Augmenting the action space with conventions to improve multi-agent cooperation in Hanabi

TL;DR

This work tackles cooperative multi-agent reinforcement learning in Hanabi under partial observability and limited communication. It introduces artificial conventions as cooperative actions that span multiple time steps and agents, integrated via action-space augmentation and a subscribing mechanism for continuation. Empirical results show that Rainbow agents equipped with conventions train significantly faster and achieve higher or comparable scores in self-play and cross-play across 2–5 players, with particularly strong gains in larger groups. The findings suggest conventions as a scalable approach to implicit coordination and inspire future work on convention discovery and richer multi-step conventions for MARL.

Abstract

The card game Hanabi is considered a strong medium for the testing and development of multi-agent reinforcement learning (MARL) algorithms, due to its cooperative nature, partial observability, limited communication and remarkable complexity. Previous research efforts have explored the capabilities of MARL algorithms within Hanabi, focusing largely on advanced architecture design and algorithmic manipulations to achieve state-of-the-art performance for various number of cooperators. However, this often leads to complex solution strategies with high computational cost and requiring large amounts of training data. For humans to solve the Hanabi game effectively, they require the use of conventions, which often allows for a means to implicitly convey ideas or knowledge based on a predefined, and mutually agreed upon, set of "rules" or principles. Multi-agent problems containing partial observability, especially when limited communication is present, can benefit greatly from the use of implicit knowledge sharing. In this paper, we propose a novel approach to augmenting an agent's action space using conventions, which act as a sequence of special cooperative actions that span over and include multiple time steps and multiple agents, requiring agents to actively opt in for it to reach fruition. These conventions are based on existing human conventions, and result in a significant improvement on the performance of existing techniques for self-play and cross-play for various number of cooperators within Hanabi.

Figures (5)

• Figure 1: Architecture design for a feed forward neural network (NN) with an augmented action-convention space applied. The environment provides the observation $O_t$ and receives the environment action $A_t$. The size of the input layer is equal to the size of the observation tuple ($\rho$), and each hidden layer has a size equal to the number of atoms for that layer.
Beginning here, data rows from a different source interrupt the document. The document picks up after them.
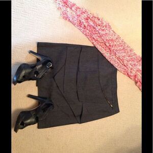Cute skirt by Larry Levine in size 10, with little ruffley things in front. This is new without tags. It is 77% cotton 20% poly & 3% spandex. It is machine washable. Has a back zipper, front zipper is for decoration only. Come from a smoke free home
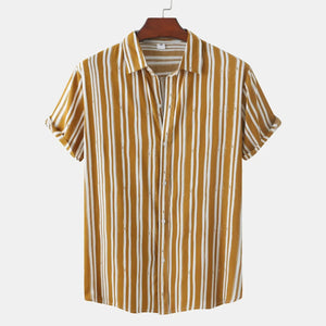 Men's Plus Size Striped Short Sleeve Button-Down Shirt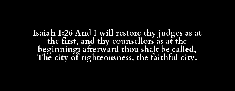 Isaiah 1:26 And I will restore thy judges as at the first, and thy counsellors as at the beginning: afterward thou shalt be called, The city of righteousness, the faithful city.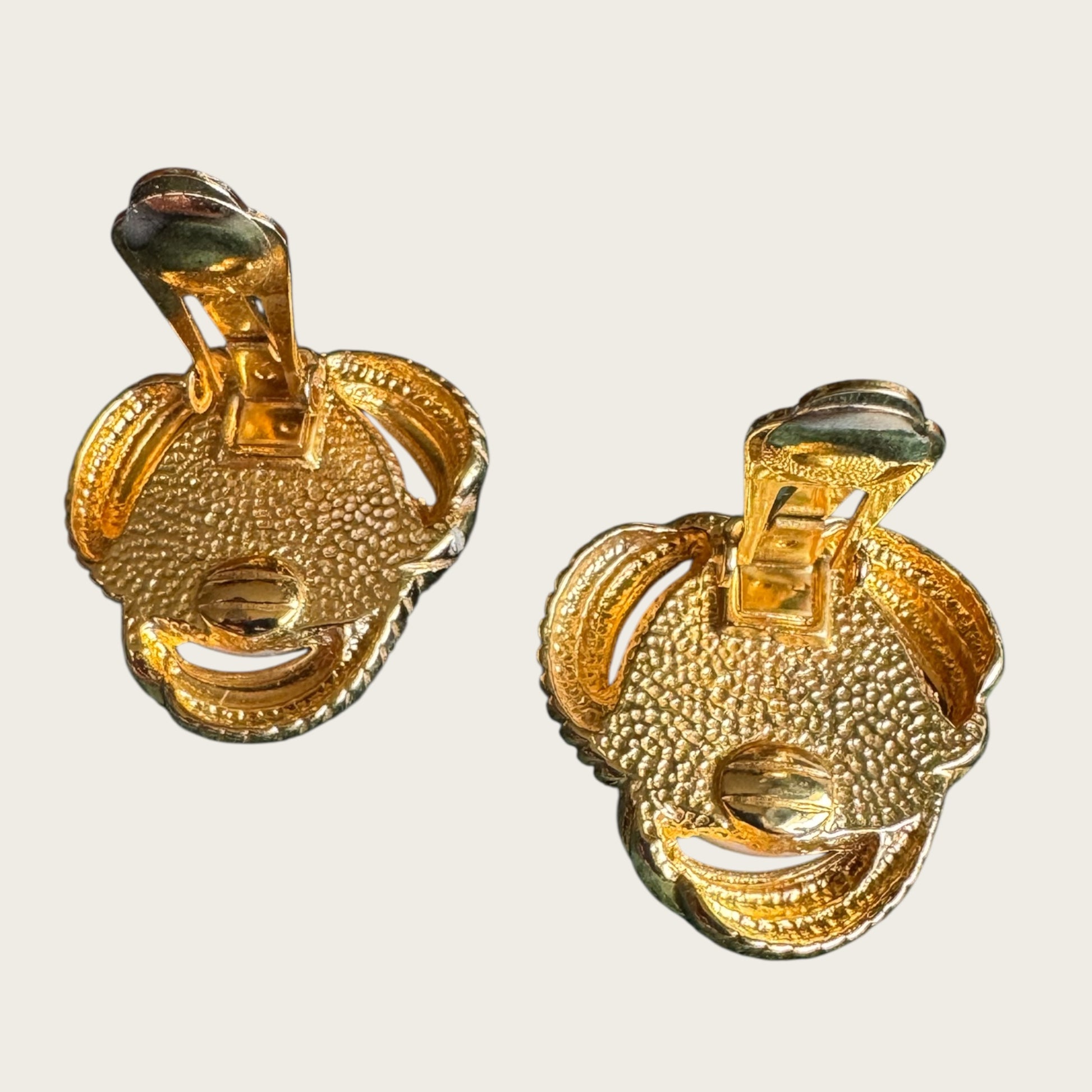 Vintage Sara Coventry Swirl Clip-On Earrings – Gold-Tone with Faux Pearl Centers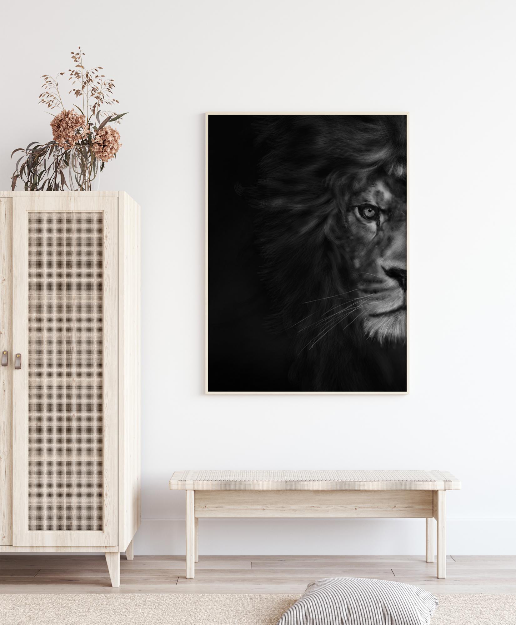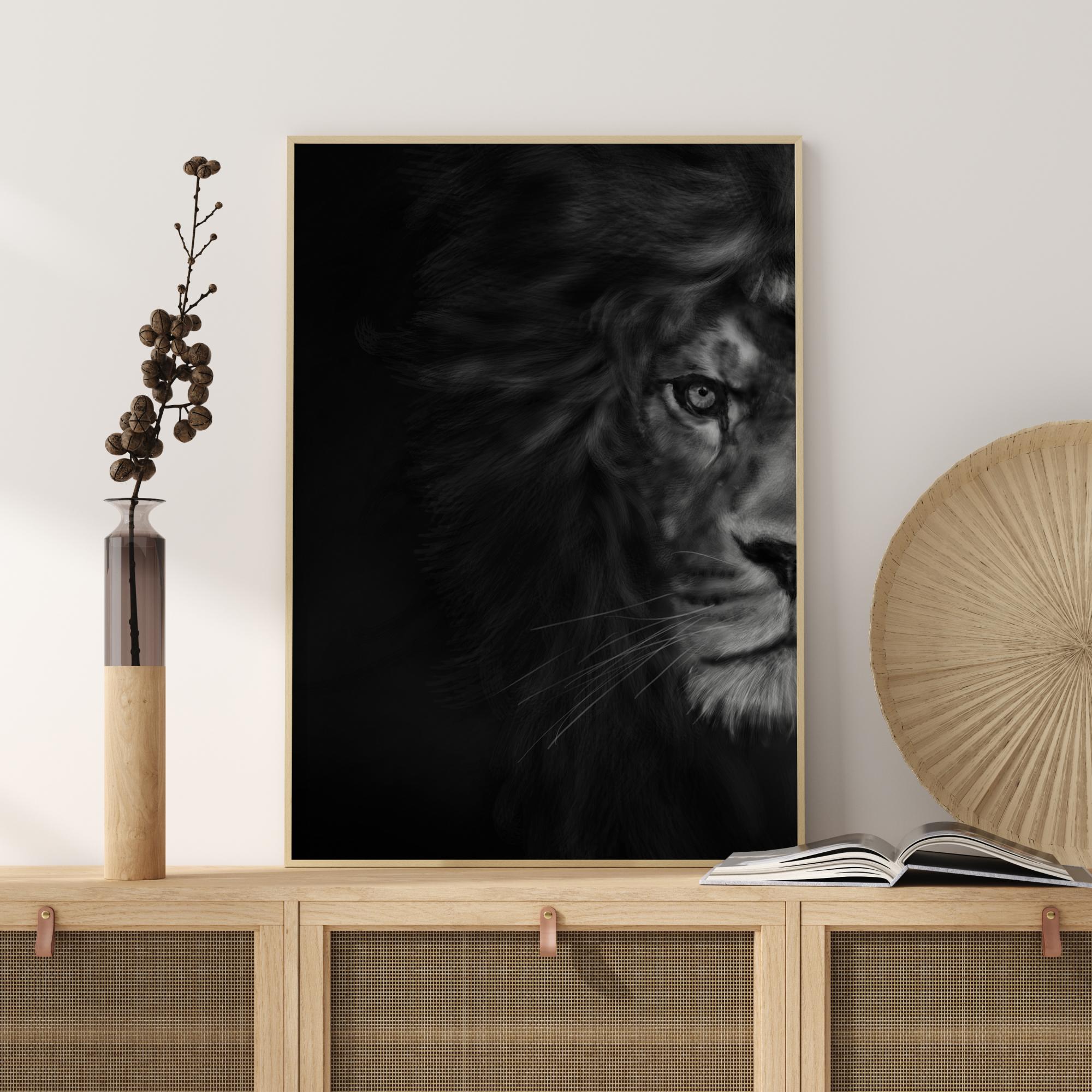 Působivý černobílý přírodní plakát s divokým lvem, který přímo hledí do objektivu fotoaparátu. Umístěním napravo od tisku je vidět pouze polovina obličeje lva. S jeho krásnou vlnitou hřívou a majestátním postojem jej lze jistě definovat jako krále džungle. Přineste si do domova pocit safari.
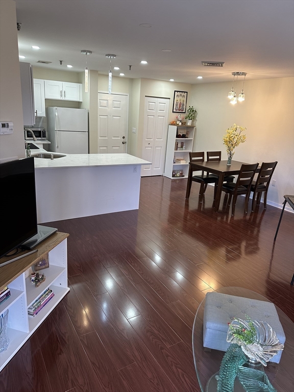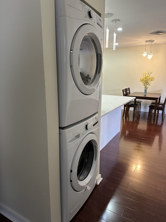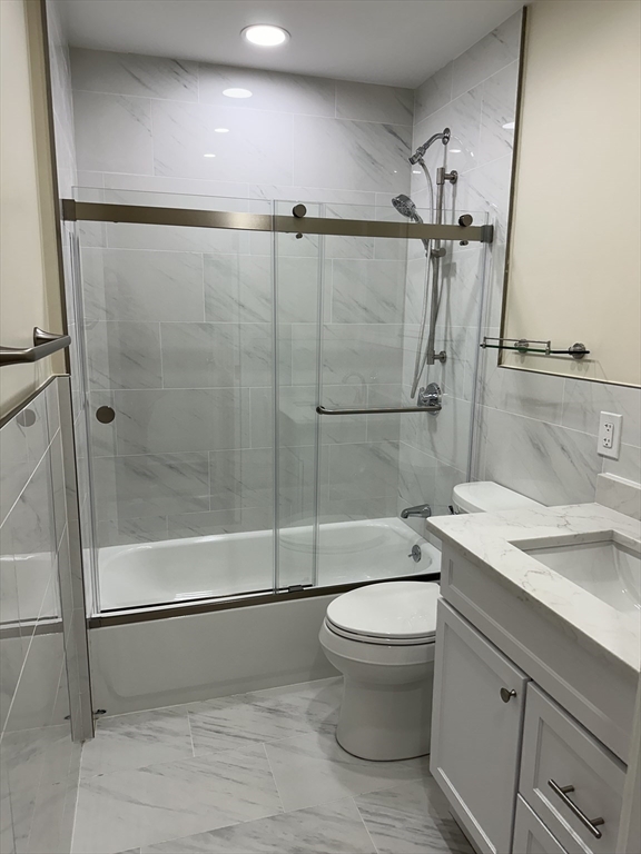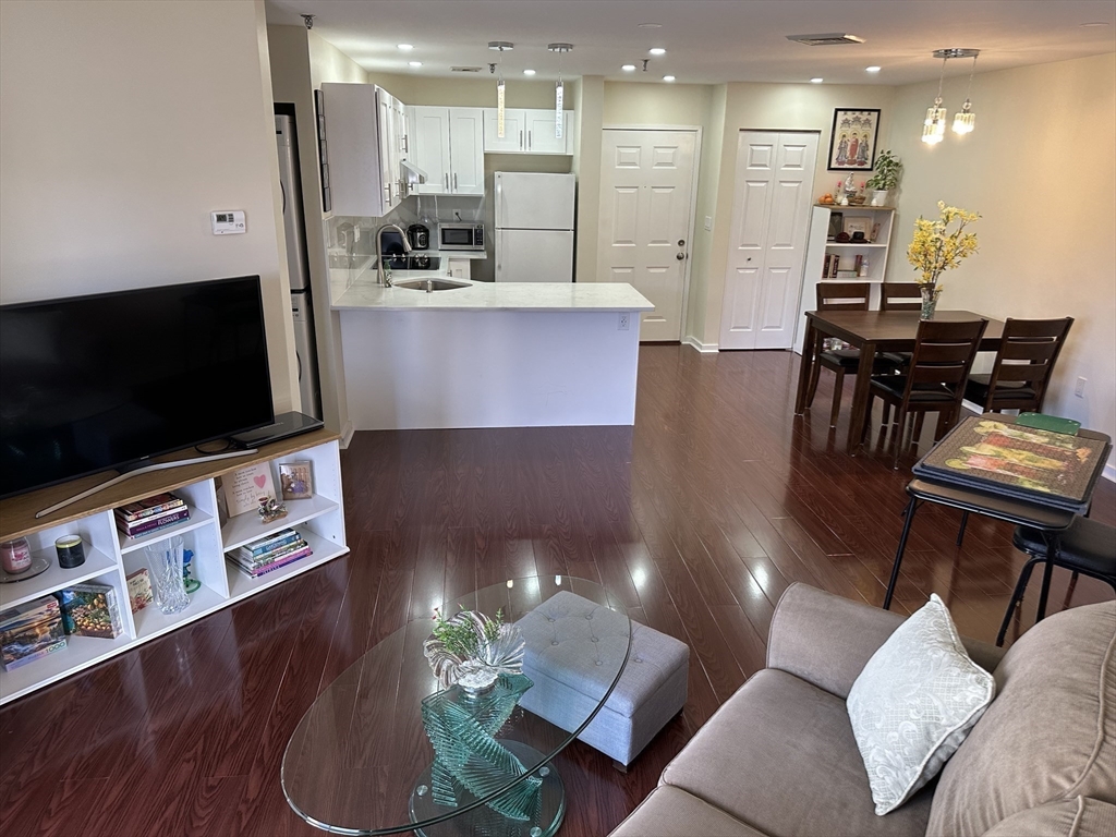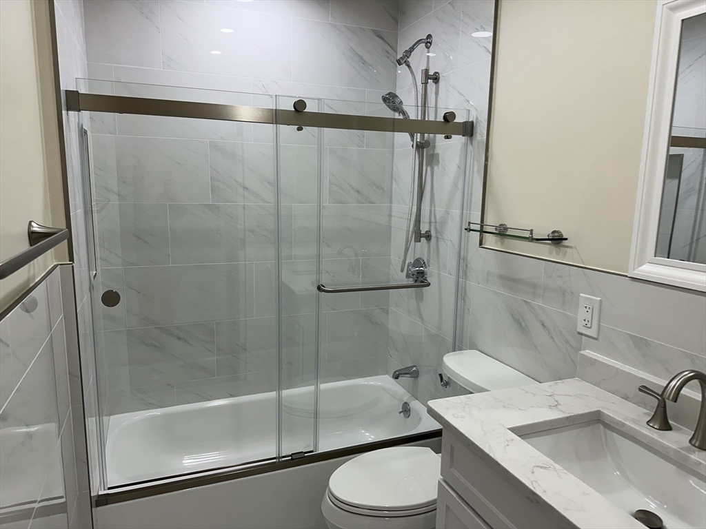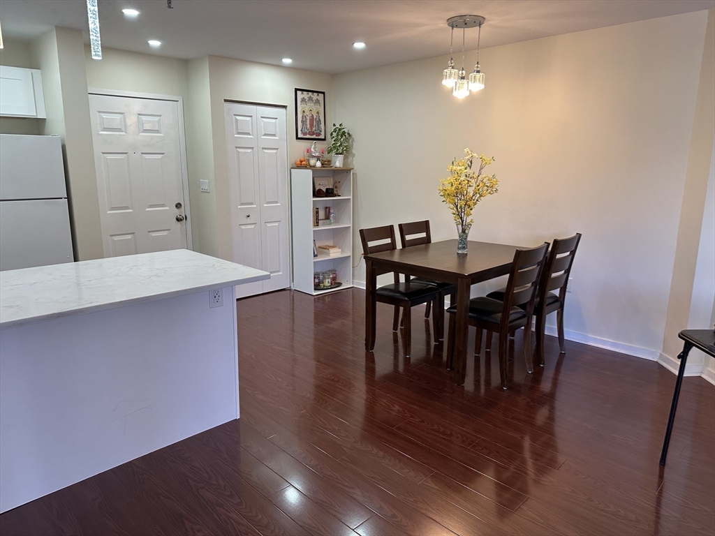 Completely remodeled residence with open floor plan featuring gleaming waterproof laminate floors throughout, with tile in bathroom. New kitchen design with quartz countertops and backsplash with penisula for seating. Radiant cooktop installed and new dishwasher. Separate dining area open to living space with slider to balconly. Luxury bath and new stackable washer dryer outside of your bedroom. Bedroom offers recessed lighting, 3 closets and access to balcony as well. You have extra storage and garage parking. Also, amenities include a large fitness room, sauna and steam and outdoor swimming pool. Conveniently located near N Quincy T, Wollaston beach, Marina Bay and highway.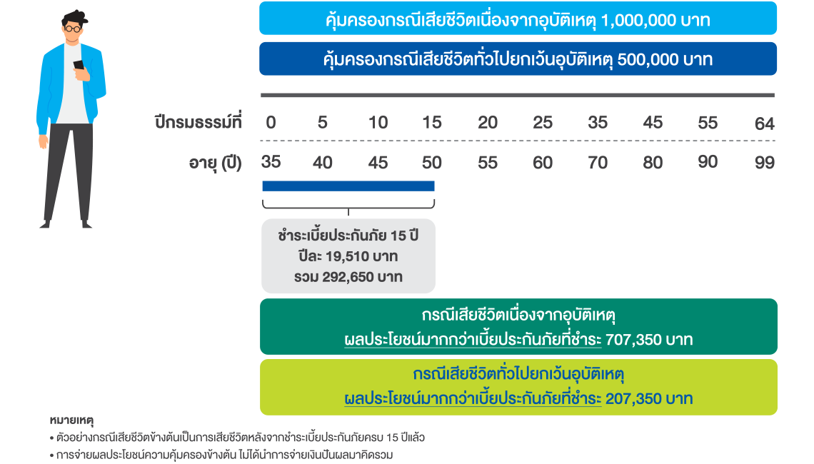 คุณผู้ชาย อายุ 35 ปี สุขภาพแข็งแรง สมัครทำประกันชีวิตแบบแฮปปี้ โฮลไลฟ์ (มีเงินปันผล) ระยะเวลาเอาประกันภัย ถึงอายุ 99 ปี ระยะเวลาชำระเบี้ยประกันภัย 15 ปี จำนวนเงินเอาประกันภัย 500,000 บาท ชำระเบี้ยประกันภัยรายปี ปีละ 19,510 บาท และมีอัตราภาษีเงินได้บุคคลธรรมดาร้อยละ 10 ตลอดอายุสัญญา

The size of the output layer is equal to the size of the augmented action-convention space ($|C|$), and the action selection is determined by the MARL algorithm. Finally, the chosen augmented action-convention determines the specific convention$c_k$ and its step $m$, which in turn is used to produce the environment action $A_t$ according to the policy $\pi_k^m$ and the observation $O_t$.
• Figure 2: An example game of Hanabi as seen from the perspective of player 1. There are four hint tokens left, and the players have lost one of their shared life tokens. Player 1 knows about two 4s in their hand and the green, blue and yellow stacks have been partially completed, leading to a current game score of 6/25. It is now player 1's turn, and they can take the hint (to player 2 or 3), play (from their hand) or discard (from their hand) action.
• Figure 3: (a) Learning curves for independent Deep Q-learning (DQN) with a primitive-action space, pure conventions space, and an augmented and simplified action-convention space tested in our in-house Small Hanabi environment. (b) Learning curves for Rainbow with a primitive-action space, pure conventions space, and an augmented and simplified action-convention space tested in DeepMind's Hanabi learning environment with the Small Hanabi preset hanabi_ai.
• Figure 4: Learning curves with exponential moving averages (weight=0.9995) for Rainbow, obtained from Bard et al.hanabi_ai, as baseline compared to Rainbow with an augmented action-convention space for Hanabi two-to five-players. The best agent is highlighted in black for each agent scenario within each player count.
• Figure 5: Distribution of scores for 2--5 player Hanabi over the course of 1000 evaluation episodes comparing baseline Rainbow and Rainbow with an augmented action-convention space. The baseline Rainbow results were obtained from Bard et al.hanabi_ai.